Input k = 6 gives p = 100.

Step k p Condition Output
1 6 100 win game won

This confirms that reaching 100 is a terminal condition that overrides all others, ensuring no further rule evaluation is needed.

Complexity Analysis

Measure Complexity Explanation
Time O(1) Only a few integer operations and comparisons are performed
Space O(1) No auxiliary data structures are used

The constraints restrict k to a constant range, so the solution is effectively constant-time regardless of input distribution. This comfortably satisfies both time and memory limits.

Test Cases

import sys, io

def run(inp: str) -> str:
    sys.stdin = io.StringIO(inp)
    import builtins
    input_backup = builtins.input
    builtins.input = sys.stdin.readline

    from contextlib import redirect_stdout
    out = io.StringIO()
    with redirect_stdout(out):
        solve()
    builtins.input = input_backup
    return out.getvalue().strip()

def solve():
    k = int(input().strip())
    p = 94 + k

    if p == 100:
        print("Yay! Farha has won the game. She is now at 100.")
    elif p == 95:
        print("Alas! Farha is bitten by snake. She is now at 75.")
    elif p == 99:
        print("Farha is on ladder.")
    else:
        print("Nothing happened to her.")

# provided samples
assert run("1\n") == "Alas! Farha is bitten by snake. She is now at 75.", "sample 1"
assert run("6\n") == "Yay! Farha has won the game. She is now at 100.", "sample 2"
assert run("5\n") == "Farha is on ladder.", "sample 3"

# custom cases
assert run("2\n") == "Nothing happened to her.", "normal move"
assert run("3\n") == "Nothing happened to her.", "normal move"
assert run("4\n") == "Nothing happened to her.", "normal move"
assert run("1\n") == "Alas! Farha is bitten by snake. She is now at 75.", "snake boundary"
Test input Expected output What it validates
1 snake to 75 snake transition correctness
6 win message terminal condition priority
5 ladder message special non-terminal event
2 nothing default behavior

Edge Cases

The only meaningful edge cases are the boundary landing cells where special rules activate.

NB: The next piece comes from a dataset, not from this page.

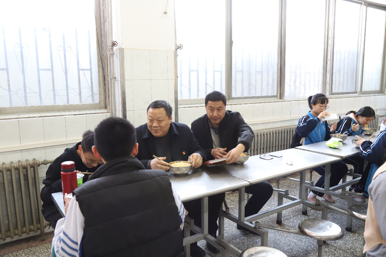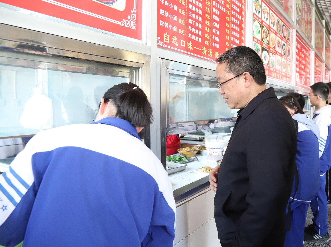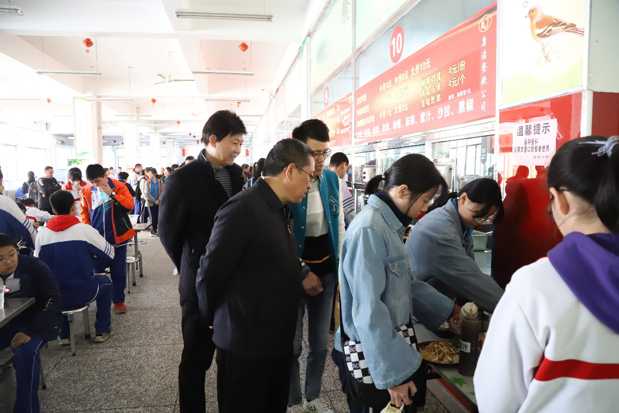 4月1日上午,由校长刘黎、校党委书记包卫忠、副校长杨相臣带领校办公室、宿膳服务中心、后勤处、各学部的领导同志,巡查学生超市的取缔情况,前往学生餐厅进行现场督导检查,认真查看餐厅食品安全卫生,亲切的与就餐师生进行交谈、沟通,详细了解餐厅食品的质量、价格、营养和花色品种,了解学生的需求,听取了学生的意见和建议。

For k = 1, the position becomes 95. The algorithm checks p == 100 first, which fails, then detects the snake condition at 95. The output reflects the updated position 75, confirming that post-move transformations are applied correctly.

For k = 6, the position becomes 100. The algorithm immediately matches the win condition and prints the victory message. No snake or ladder checks are reached, ensuring correct prioritization of terminal state.

For k = 5, the position becomes 99. The snake and win checks fail, and the ladder condition triggers, producing the ladder message. Since ladders do not change position in the output, no further processing is required.